Lembro-me de uma ocasião em que joguei futebol com Ambrósio. Ele era o presidente de nossa equipe e sempre o via pulando de alegria quando eu marcava um gol, me aplaudindo como se eu fosse um jogador de alto nível. Mesmo quando fazia dupla com Leandro, um jogador excepcional, Ambrósio continuava a nos apoiar e incentivar.


No entanto, é doloroso ver que muitos mais velhos, que agora vivem apenas das memórias do passado, permanecem em silêncio sobre tantas coisas que sabem e vivenciaram durante o 27 de Maio de 1977. Eles poderiam ser mais úteis contando essas histórias às presentes e futuras gerações. Infelizmente, Ambrósio não é o único; conheço outros que também permanecem calados devido aos cargos que lhes foram dados para comprar seu silêncio até o fim de suas vidas.
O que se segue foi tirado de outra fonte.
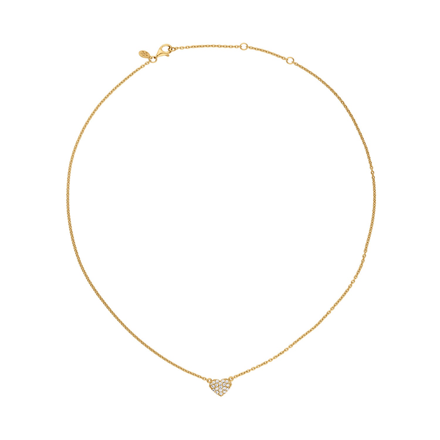 Den gyllene färgen på det förgyllda silvret skapar en varm och inbjudande glöd som kompletterar alla hudtoner. Zirkonstenarna är noggrant infattade för att säkerställa maximal glans och hållbarhet. Halsbandets fina kedja och delikata hjärthänge skapar en lätt och luftig look som känns bekväm att bära hela dagen.

O compromisso político e a oferta de cargos têm mantido muitos sobreviventes do 27 de Maio de 1977 em silêncio, incapazes de compartilhar suas histórias e experiências com as gerações futuras. Essa falsa felicidade, comprometedora e envenenada, em que vivem, muitas vezes os obriga a serem ainda mais brutais do que aqueles que um dia foram suas vítimas. É preciso quebrar esse ciclo e permitir que a verdade seja contada, para que a justiça possa prevalecer e evitar que tais eventos se repitam no futuro.